Иван ел арбуз с детским наслаждением, даже урчал от удовольствия, Семен Васильевич музюкал ломтем губы, морщился, будто подсунули ему и заставили жевать силком что-то малосъедобное, противное.
Наливая в стопки по второму разу, цыганистый покосился на Долю и предложил:
— Может, красненькое будете? У нас есть. — И лапнул за бок портфеля.
— Никакого не пью, — тряхнул головой старик.

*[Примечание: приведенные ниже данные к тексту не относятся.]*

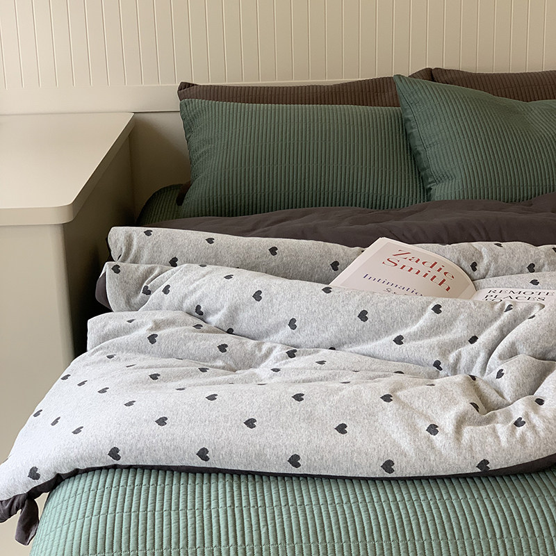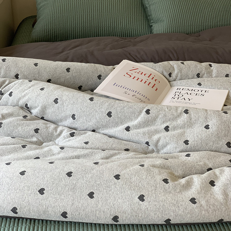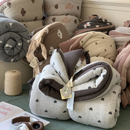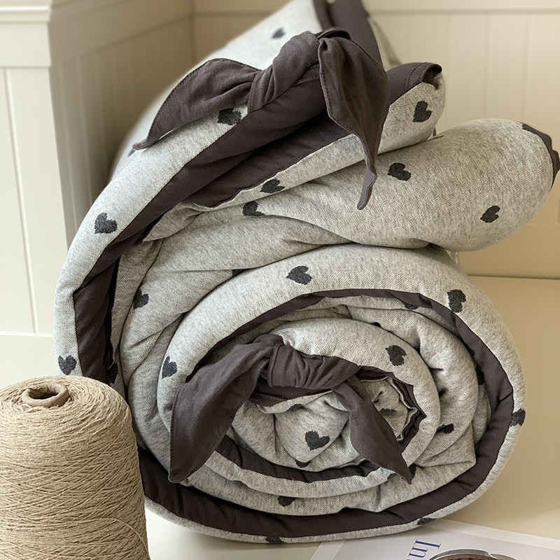 ins爱心加厚针织全棉提花春秋被子韩国大鹅柔软裸睡四季空调被芯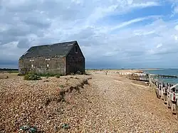 In 1882, a new lifeboat house was constructed by a local builder, Mr M. Anne, on the shore at Winchelsea, at a cost of £245. Built of pre-cast "no-fines" shingle based concrete, it was funded from RNLI donations.[7]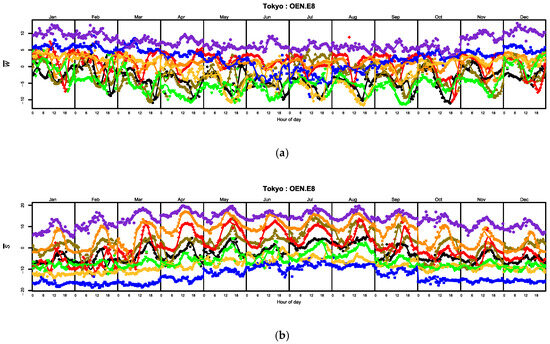 Figure 9 demonstrates the effectiveness of the unsupervised threading process in resolving the mean zonal–meridional components, and . Tokyo was chosen as the example for the strong sea/land breeze diurnal oscillations and the seasonal changes between the summer and winter monsoon, which are gradual at the winter–summer change but abrupt at the summer–winter change (October–November). The color key indexing individual ellipses is used consistently in reporting this study.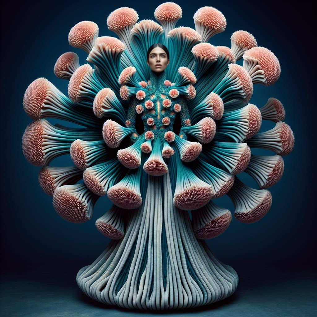This image features a stunning model in a surreal, hyper-realistic fashion photograph. The haute couture gown is adorned with radial symmetry, reminiscent of sea anemones or corals, and features soft fabric tendrils in turquoise and light pink hues.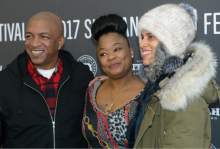 "Roxanne Roxanne" co-producer Ralph McDaniels poses with Roxanne Shante' and co-producer Mimi Valdes at the premiere Sunday, Jan. 22, at the 2017 Sundance Film Festival in Park City. "Roxanne Roxanne," is based on hip-hop legend Roxanne Shanté, played by Chanté Adams, who went from hustling the streets at 14 to becoming the most feared battle emcee in the early-'80s New York rap scene.
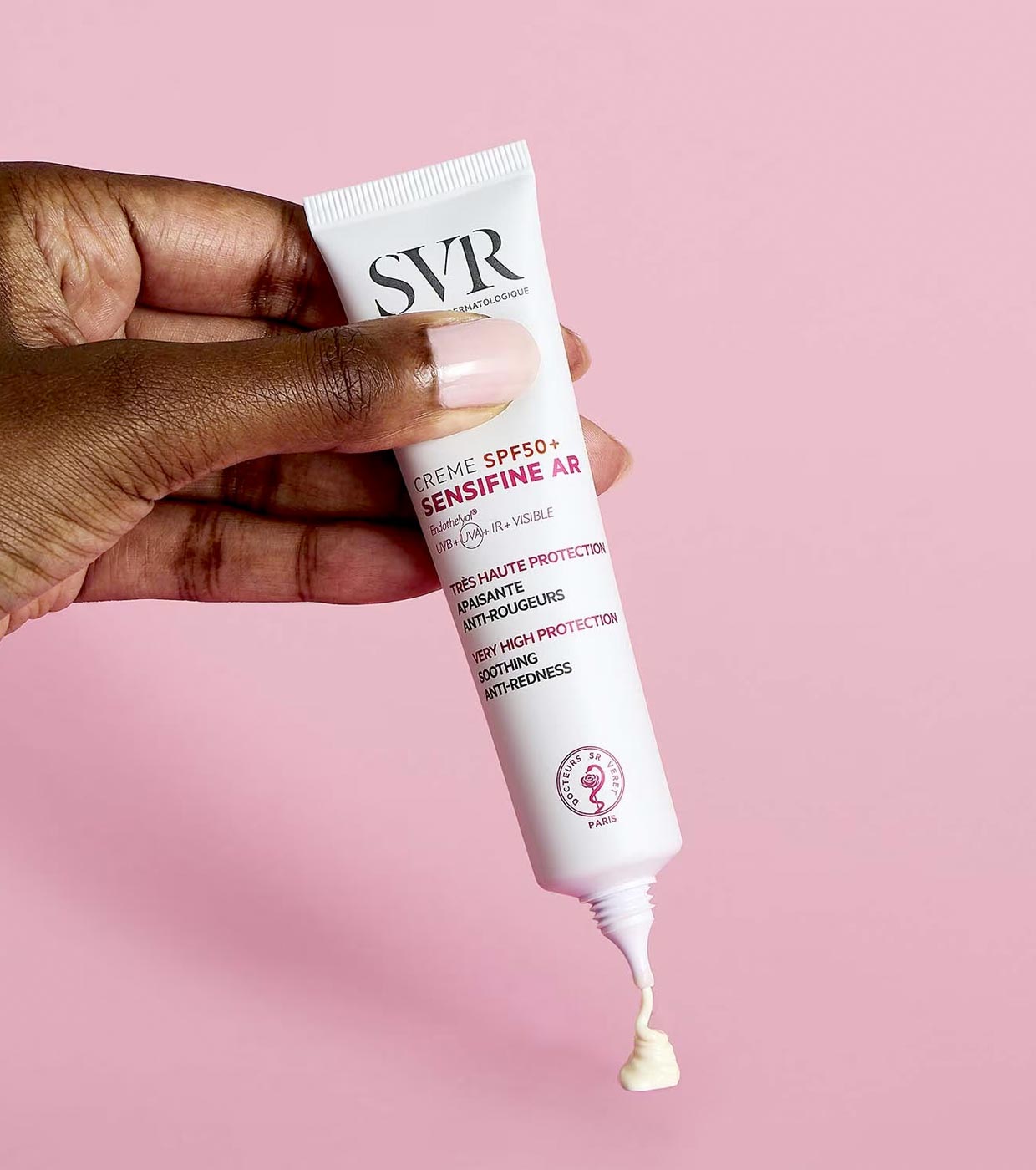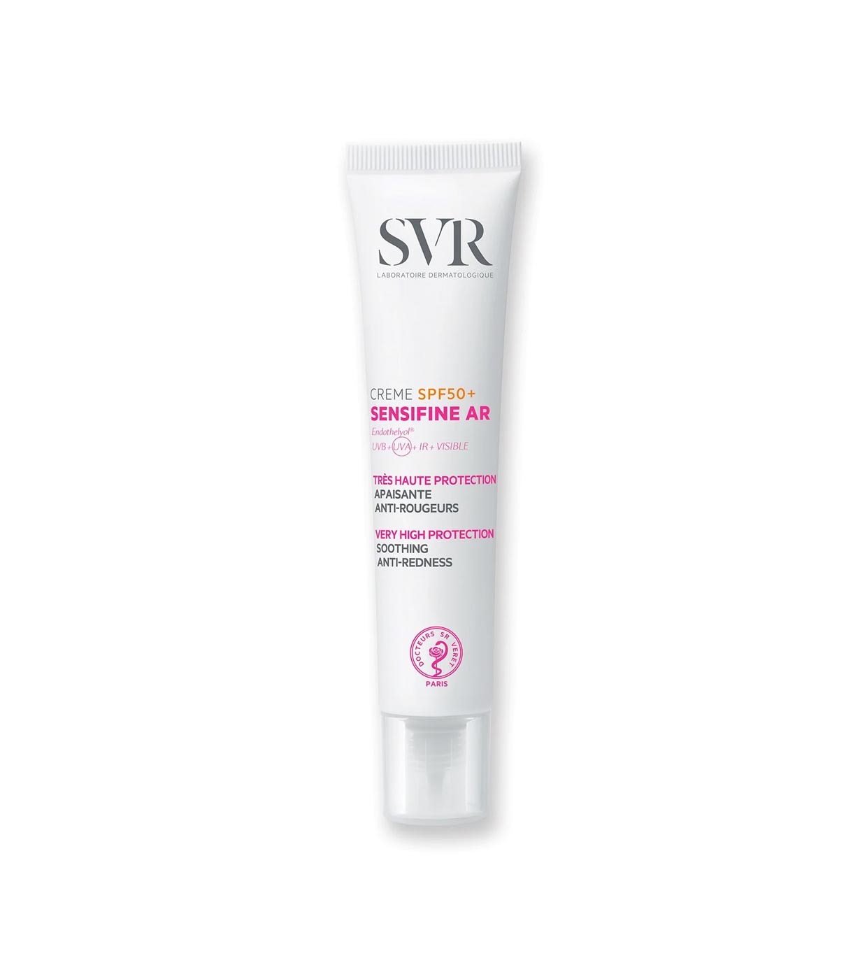 O creme solar Sensifine com FPS50+ da SVR combina proteção solar muito elevada com princípios ativos calmantes e anti-vermelhidão.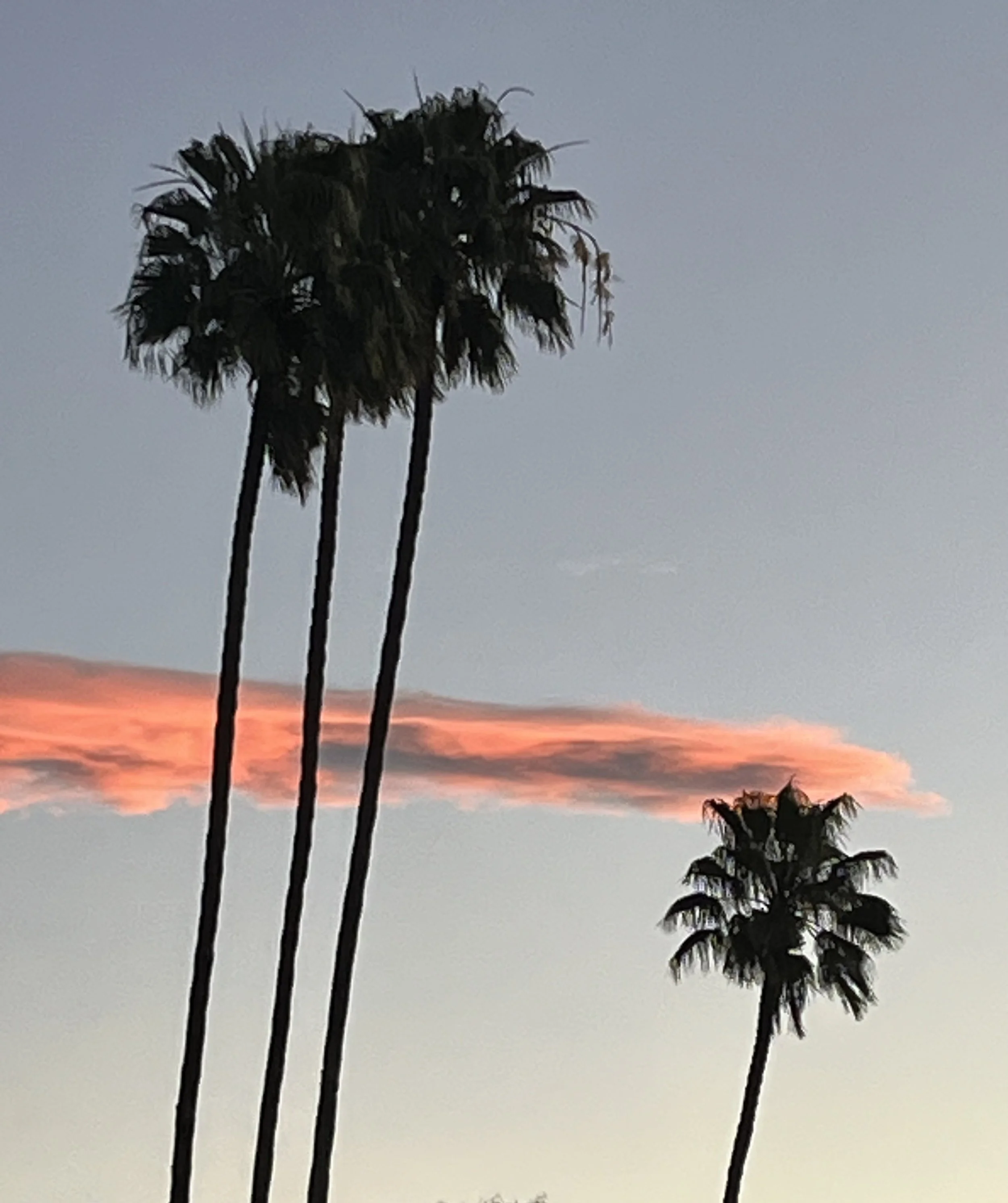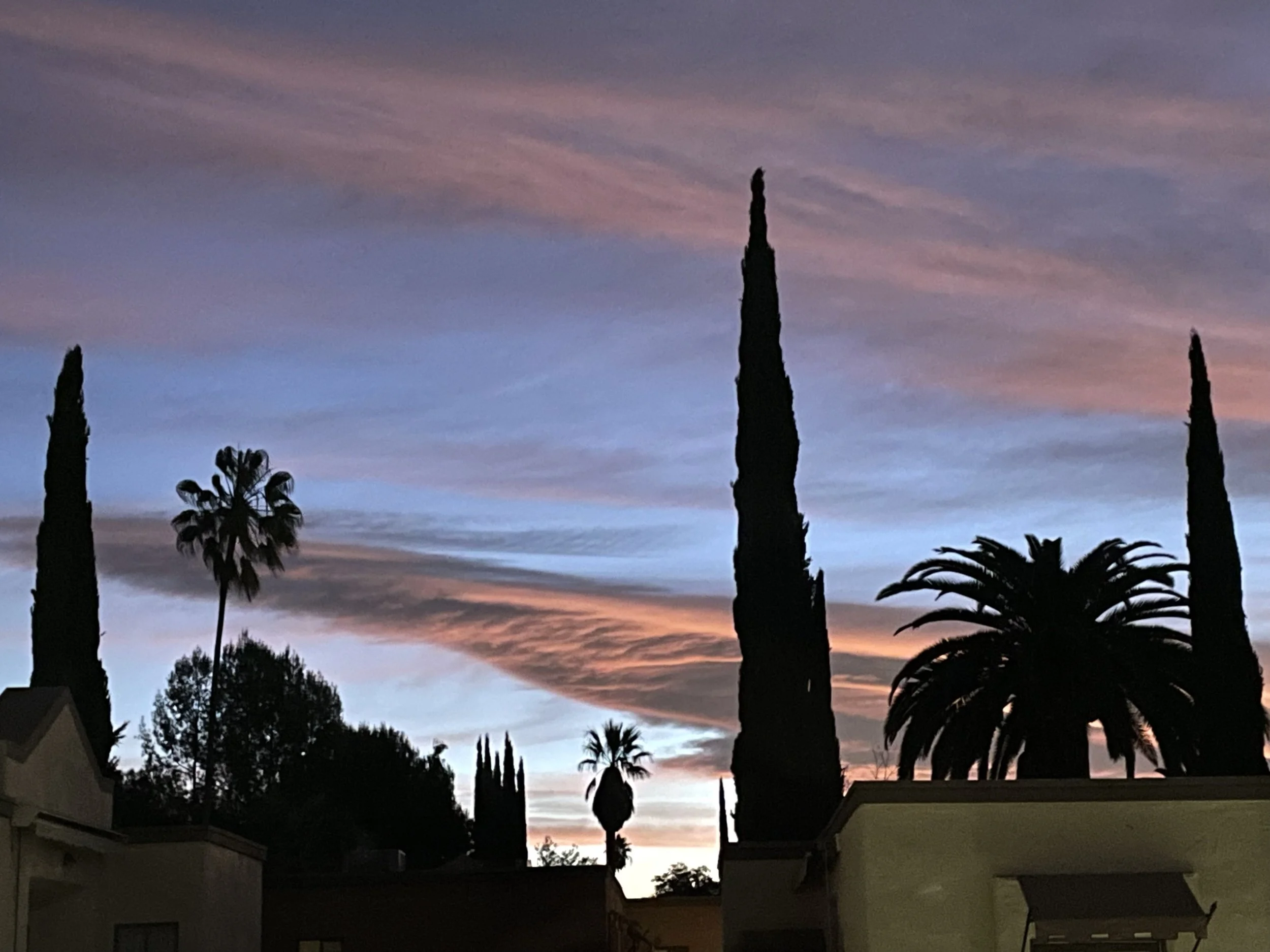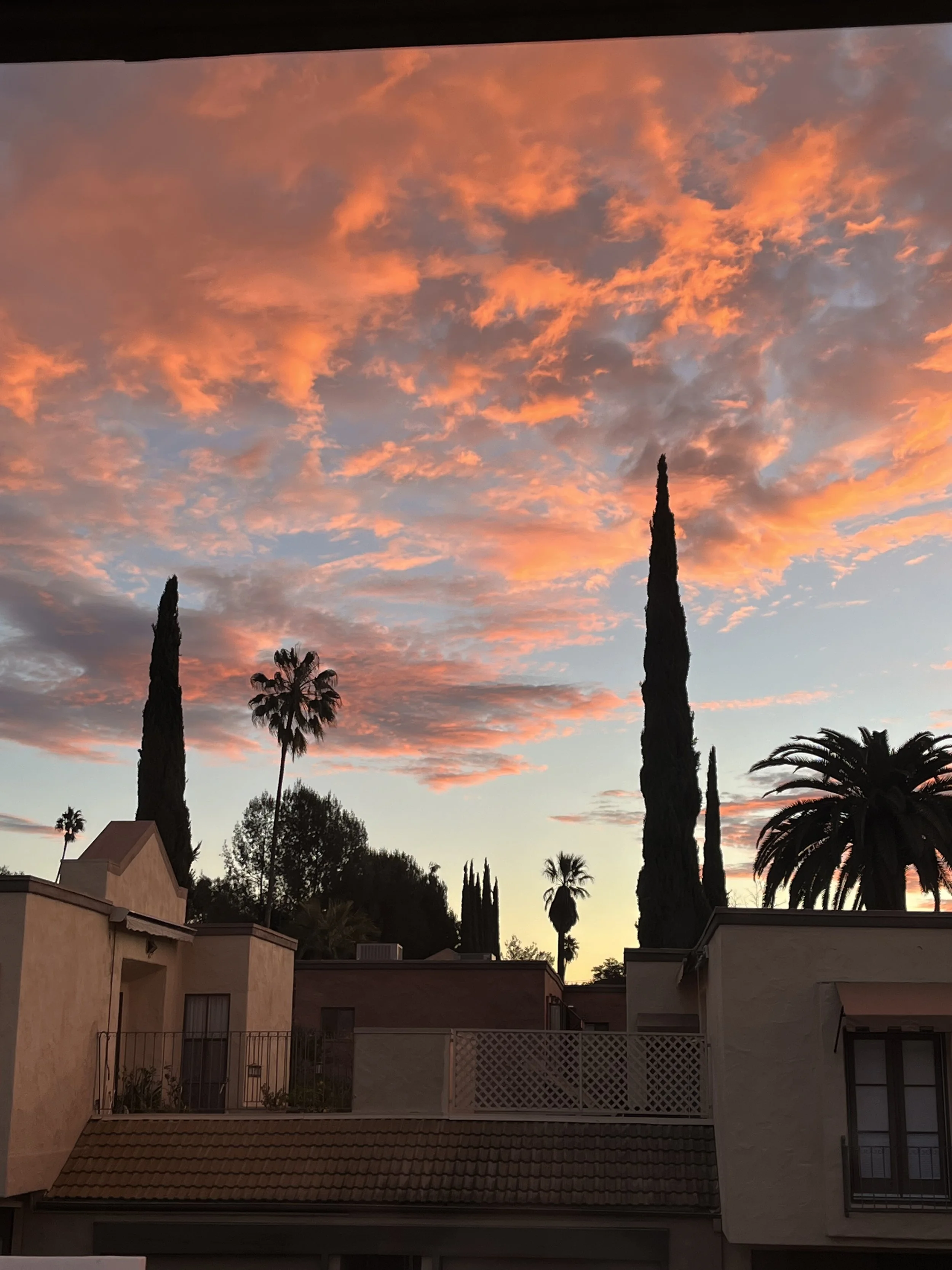 I first noticed the light in the room. The sun was going down, and I was facing west. I sat up more so I could see the pinks and oranges in the sky.

— И никогда… это самое… не потребляли? — удивился цыганистый.
— Ну, почему же, случалось. Давно, правда, на фронте еще…
— Отец, похоже, досрочно выбрал свою норму, — предположил лысый и первый раз за все время ухмыльнулся.
Пака, захмелев, глядел восторженно-маслеными глазами на гостей, пытаясь понять разговор.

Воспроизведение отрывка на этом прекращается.